Phase 3: You move your hires to new claims. They can, again, be placed anywhere within 500 years Up or Down of you, before you move this round. A claim is legitimate if at least one leveller of your Soceity is present in the area and there is a spanner witness. Abandoned or empty land cannot be claimed by spanners alone. Three types of claim exist: an original capture, which is a new claim of any place that is unsettled or uncontested. A negotiated concession, which is a claim agreed on by parties during the sixth phase, and a mediated capture, which is when the Councils must make a decision regarding a claim (usually chopping it down to a more reasonable size).
Phase 4: You turn in your report to the Councils.
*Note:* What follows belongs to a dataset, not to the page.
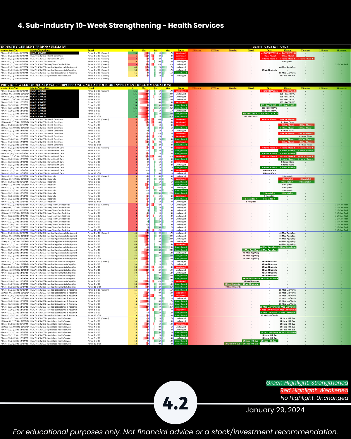 🔹 How all stocks in each sub-industry and industry stack up against each other in terms of current strengthening and weakening. These relationships may not continue, but it’s hard to meaningfully discern where you could go if you don’t know where you currently are. This analysis enables you to quickly see the best and worst stocks and ignore the rest.

Phase 5: The GM gives you the results of your claims and your points; if you had an original capture, your results are not announced to anyone else. You get 3 points per original capture, 2 per negotiated concession and 1 per mediated capture. You lose 1 point if you fail to have any claims. If you falsified a claim, you lose 5 points and are kicked from the game. You get +1 point per Span 1 hired this round, +2 per Span 2. +1 per Span 4 other than yourself that makes a claim for you, and -1 for each Exalted used to make a claim for you. You may gain between 0 and 3 points based on roleplaying during Phase 3.
Phase 6: You may bargain and make deals with other players of the Game for the next round, though you are not bound to any promise not submitted to the Councils.
Appendix R is the bibliography, which includes a few notable entries. They include Grant Morrison's The Invisibles , H.P. Lovecraft's short stories, Alvin Toffler's Future Shock , The Third Wave and Powershift , both Back to the Future movies, both Bill and Ted movies, and some other RPGs, including Mage: The Ascension. Which has a rather entertaining explanation.
Continuum posted:
A fine entry into the 'World of Darkness'. You can change reality at will, so you can try to time travel, but not much. If you change anything, this guy will show up and make you die. Other WoD players think mages are too powerful anyway.
And they cite N a rcissist, which never got released. And also John Keel's The Mothman Prophecies (as a nonfiction reference work). Appendix X is the Index, and Appendix Z is the character sheet and spanning card.
And I'm done , that's C o ntinuum.
Now I just have to decide which oWoD book to start with, since you can't lead in with Gypsies.